Another subchapter of the book (a digression in Chapter Thirteen) is devoted to a rather neglected topic: Bernstein and his attitude to the Jewish labour movement, and to Jewish life in general. Although he was a secular Jew without any particular interest in Jewish religion, he did engage with anti-Semitism in Germany and elsewhere in Europe. He was sympathetic to and had links with the Jewish labour movement in eastern Europe and the Left Zionism of Poale Zion, which he supported by writing numerous articles for their journals.
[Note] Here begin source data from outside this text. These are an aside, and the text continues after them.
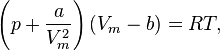 Для одного моля газа Ван-дер-Ваальса оно имеет вид: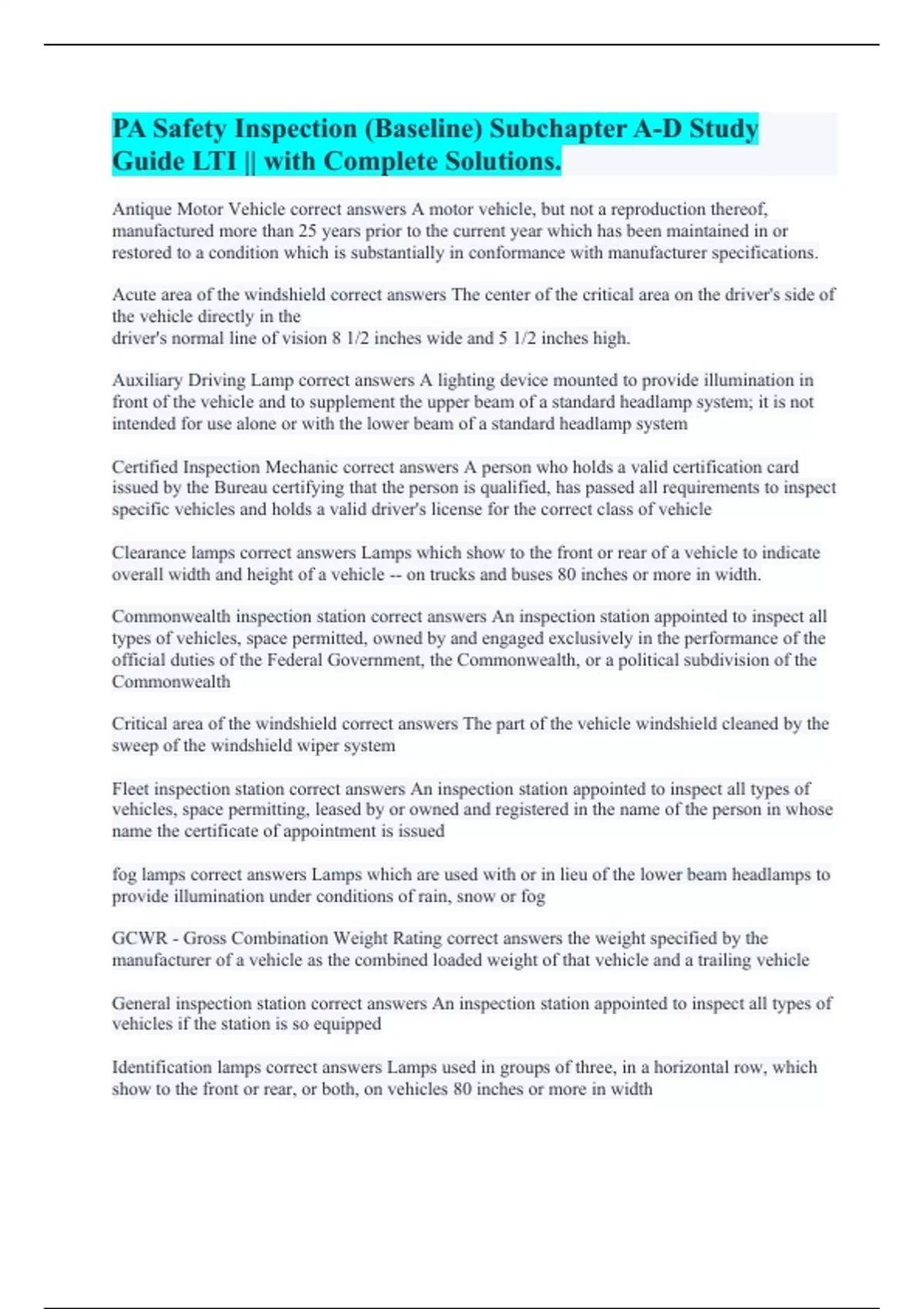 PA Safety Inspection (Baseline) Subchapter A-D Study Guide LTI || with Complete Solutions.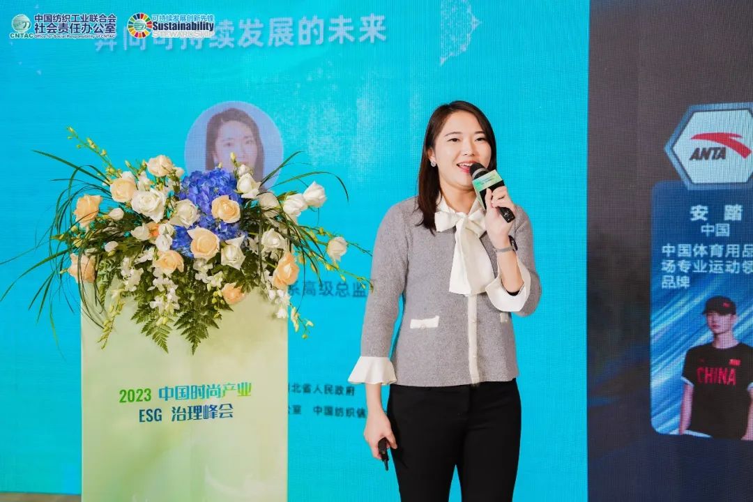 作為品牌企業(yè)代表,安踏集團ESG及投資關(guān)系高級總監(jiān)黃萃琪表示,安踏自2007年開始應(yīng)香港聯(lián)交所要求披露CSR報告;2016年開始發(fā)布ESG報告,是第一個發(fā)布ESG報告的中國體育用品公司;2021年安踏成立30周年之際在內(nèi)部建立了可持續(xù)發(fā)展委員會,自上而下推動ESG工作。“與伙伴共生”是安踏將ESG融入公司戰(zhàn)略的核心理念。經(jīng)過重要性調(diào)研,安踏將“消費者”“人”“伙伴”“員工”“供應(yīng)商伙伴”五個方面作為重點,分別制定目標(biāo)并實施。例如,公司制定了2050年碳中和的氣候目標(biāo),截至今年年底女性高管比例已超過36%,開展供應(yīng)商環(huán)境與社會方面的培訓(xùn),將可持續(xù)原材料比例披露于包裝和吊牌上等等。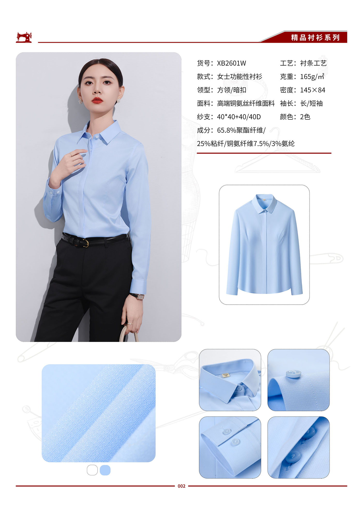 XB2601W 女士铜氨丝凉感控温透气衬衫
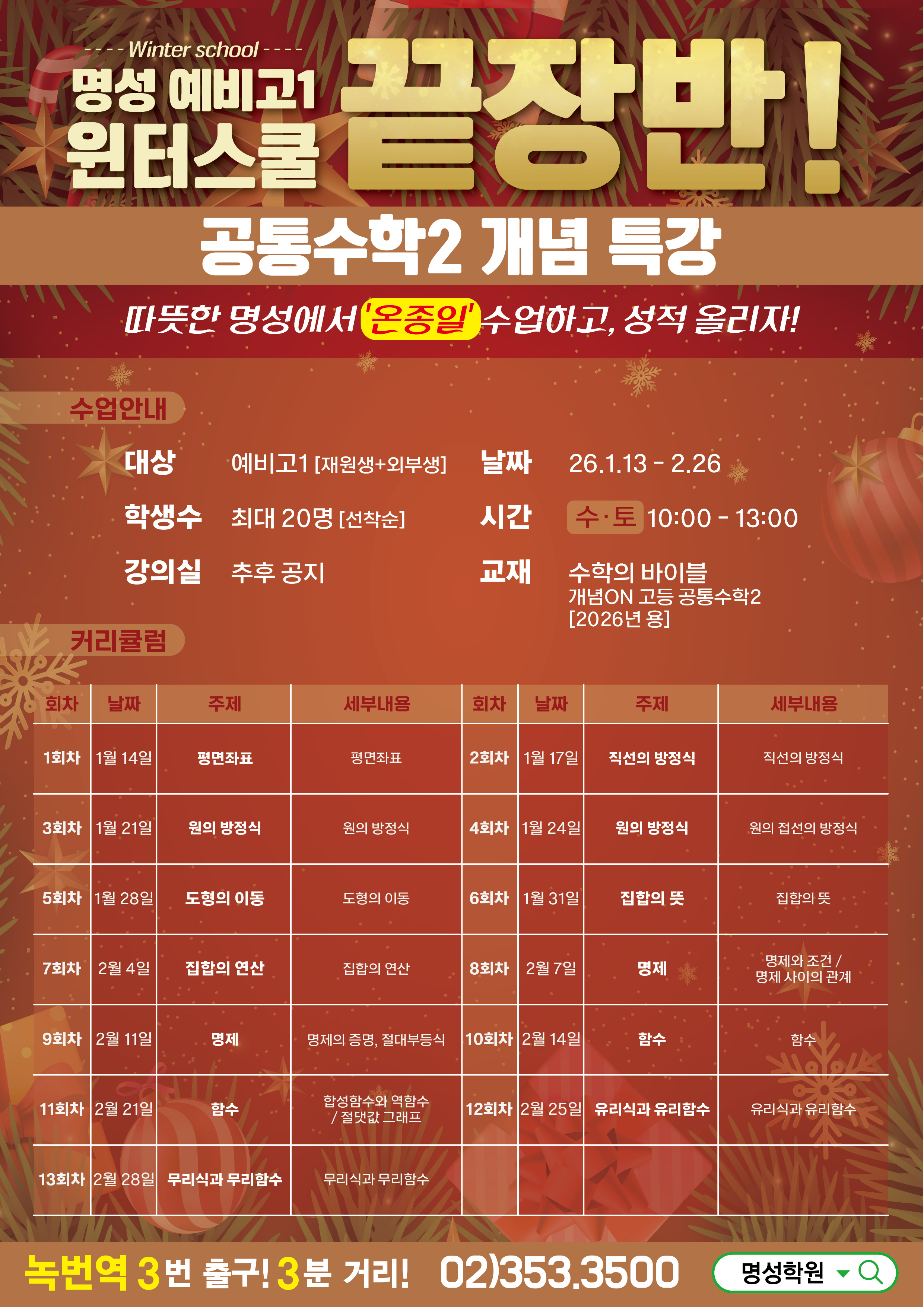 고등 명성 예비고1 윈터스쿨 끝장반 [공통수학2 개념 / 수토] 페이지 정보 작성자 최고관리자 댓글 0건 조회 14회 작성일 25-12-30 22:16 목록 본문 다음글명성 예비고1 윈터스쿨 끝장반 [대수유형 / 월금] 25.12.30 댓글 0 댓글목록 등록된 댓글이 없습니다.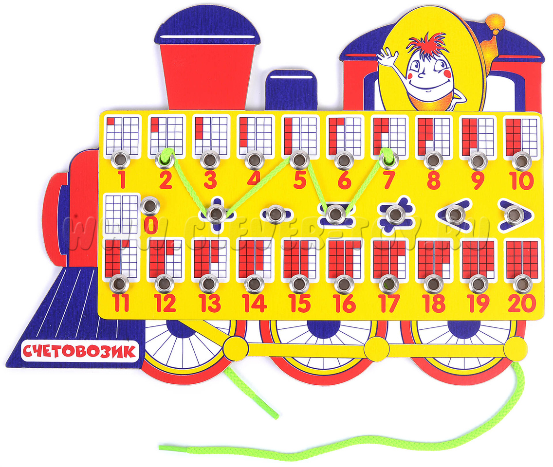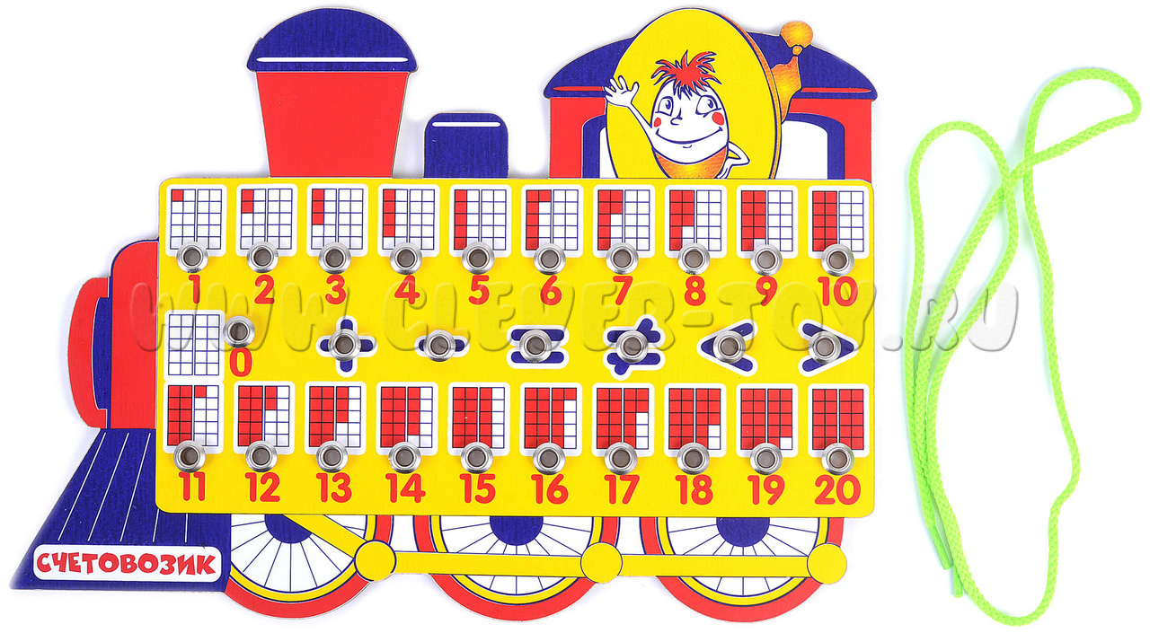 Перед вами уникальное игровое пособие, обладающее волшебными свойствами. Яркий деревянный счетовозик с шнурком и кнопками способен решать примеры, сравнивать числа, а главное – легко и весело изучать математику!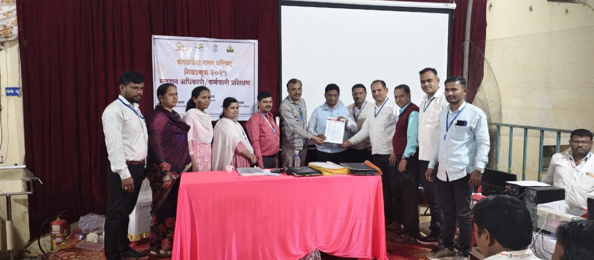 मंगळवेढा तहसिल कार्यालयातील सामुहिक रजेबाबत निवेदन तहसिलदार मदन जाधव यांना देताना कर्मचारी छायाचित्रात दिसत आहेत.

In the 1920s, he openly supported and took sides with the Jewish settlers’ movement in Palestine, becoming a member of several Jewish committees and organizations, such as the League for Working Palestine. In his view, socialist Zionism was part of the international socialist movement. He disagreed with Kautsky’s strong views on Zionism, defending it and standing up for a peaceful coexistence of Jews and Arabs in Palestine.
This is a book not only for specialists. It shows us many hitherto neglected or ignored aspects of Bernstein’s life, his work, and his thought that deserve the attention of historians, whether they see themselves as Marxists, socialists, or otherwise. The book should be made available in English so that it can reach a wider audience.